CrossLocate provides two unique datasets, each consisting of various image modalities.

Sparse dataset

Designed for small, fast and simple experimentation.

Sparse database

GeoPose3K queries

Uniform dataset

Designed for the real-world task of localization across a large natural area - the Alps.

Uniform database

CrossLocate queries

The expected directory structure (with a specific example) is

datasets/
    Uniform/
        database_segments/
        query_photos_to_segments_result/
        ...
    Sparse/
        database_depth/
        query_original_result/
        ...

The path to the root directory of datasets can be set in train.py with variable datasetsPath. By default

datasetsPath = '../datasets'

Meta structures

Meta information for the data (latitude, longitude, field of view, ...) is available in the form of "meta structures".

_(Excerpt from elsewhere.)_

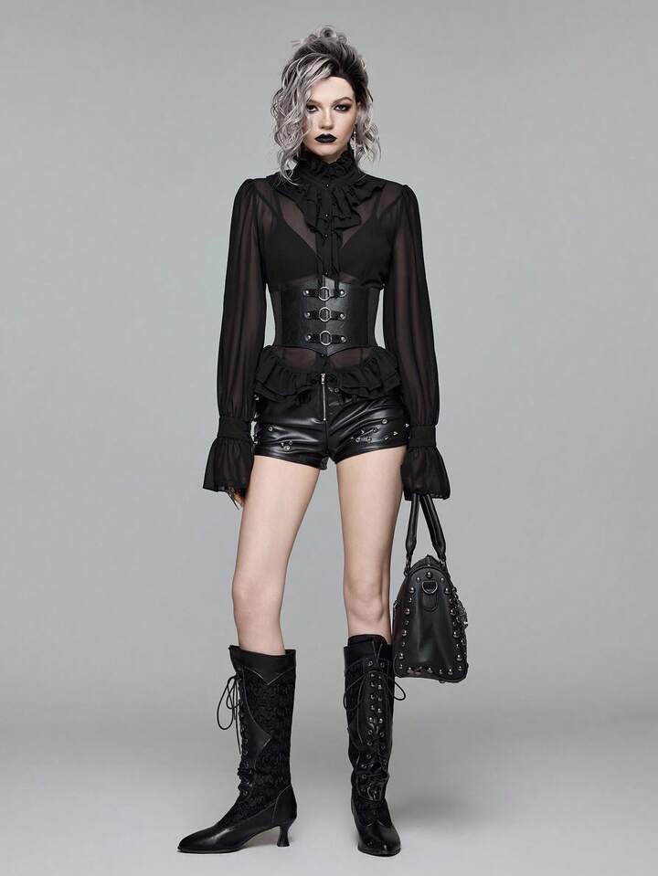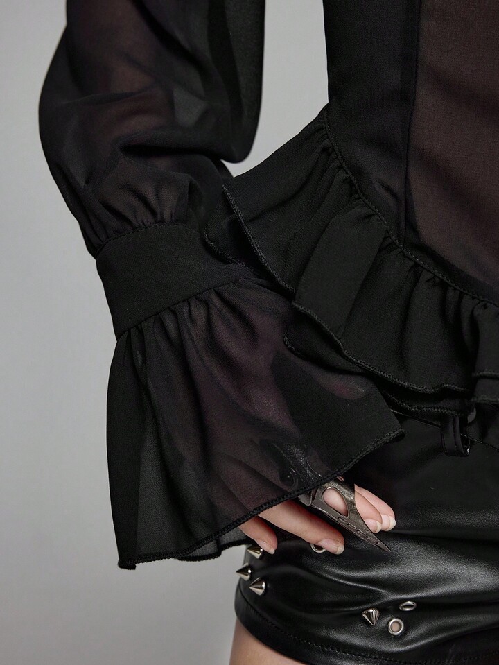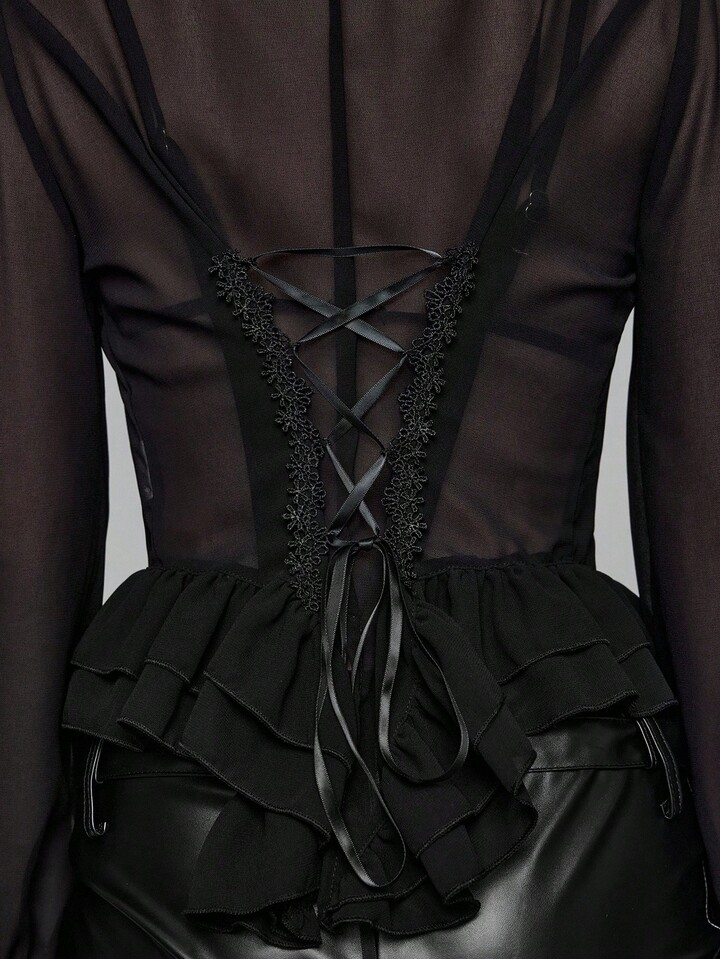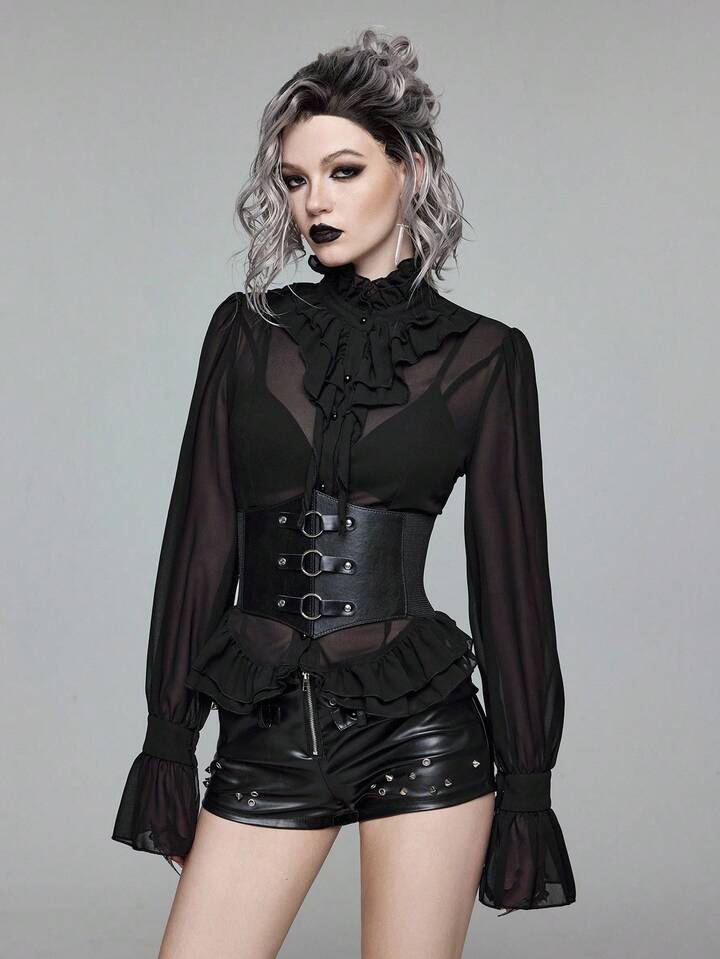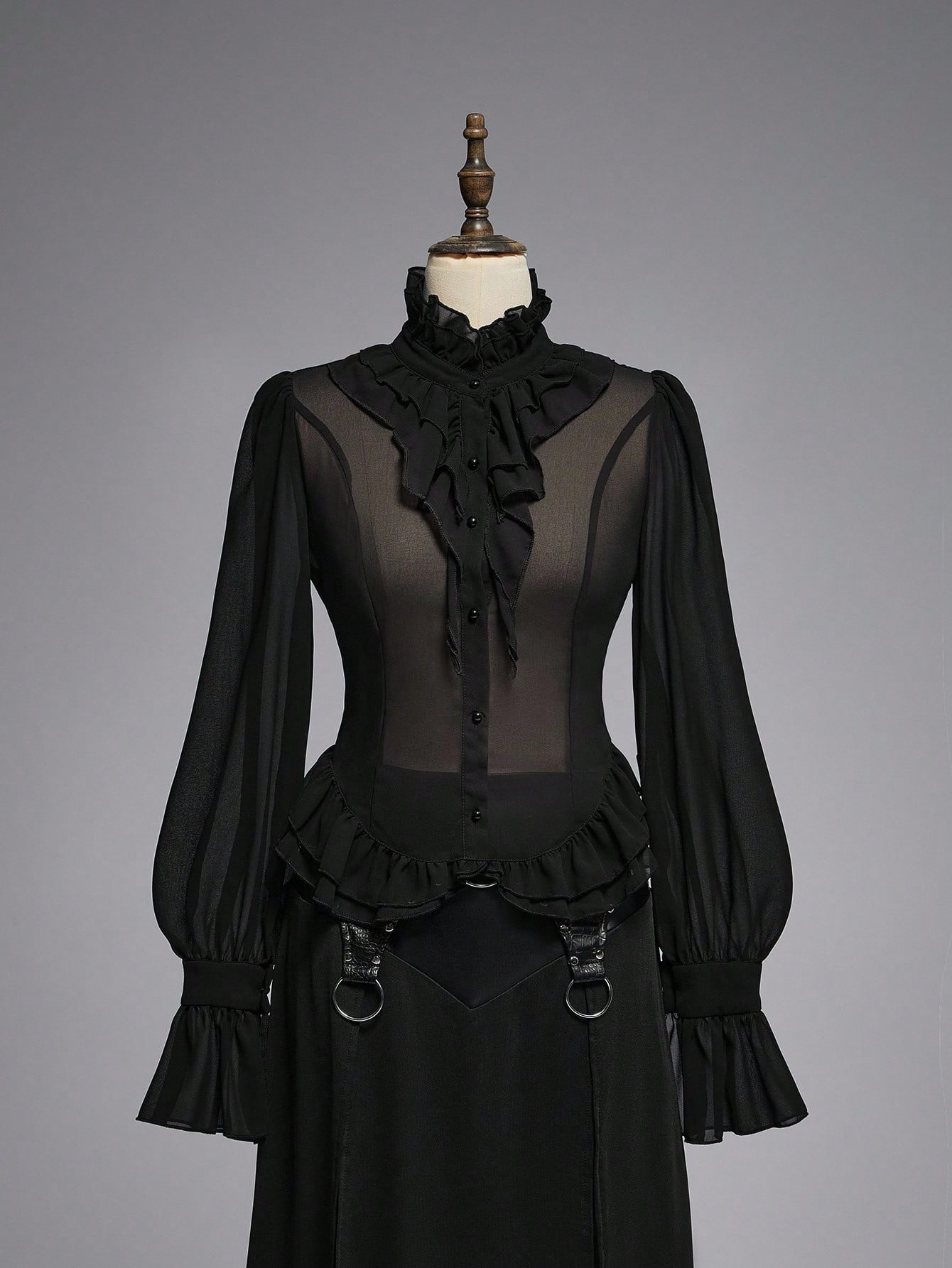 EDITION Gothic Medieval Palace Style Sheer Shirt With Mandarin Collar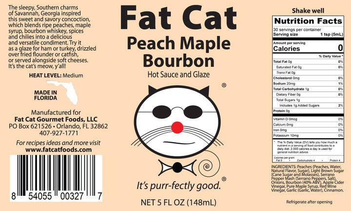 INGREDIENTS: Peaches (Peaches, Water, Natural Flavor, Sugar), Brown Sugar (Sugar, Molasses), Serrano Pepper Mash (Serrano Peppers, Salt), Onions, Bourbon (40% ABV), Apple Cider Vinegar, Pure Maple Syrup, Red Wine Vinegar, Garlic (Garlic, Water), Cinnamon

There are three meta structures (for training, validation and testing sets respectively) for a given combination of a database and queries (e.g. semantic segmentations from Uniform database and photographs from CrossLocate queries).

The meta structures are loaded by the Dataset.py class.

The expected directory structure (with a specific example) is

datasets_meta/
    Uniform/
        Alps_photos_to_segments_train.npy
        Alps_photos_to_segments_val.npy
        Alps_photos_to_segments_test.npy
        ...
    Sparse/
        GeoPose3K_v2_original_to_depth_train.npy
        GeoPose3K_v2_original_to_depth_val.npy
        GeoPose3K_v2_original_to_depth_test.npy
        ...

The path to the root directory of meta structures can be passed as a parameter to the constructor of Dataset.py. By default

datasetsMetaPath='../datasets_meta'

Specific meta structures (and thereby specific datasets) to be used in an experiment are set in train.py with variable datasetParams

datasetParams = datasetSegments

The applicable values for this variable are prepared in DatasetDescriptions.py

(Pre)trained models

The solution can be initialized with available (pre)trained deep models (e.g. a model pre-trained on the ImageNet dataset or a model resulting from the CrossLocate training procedure).

The pre-trained models are stored in CrossLocate/CrossLocate/models/.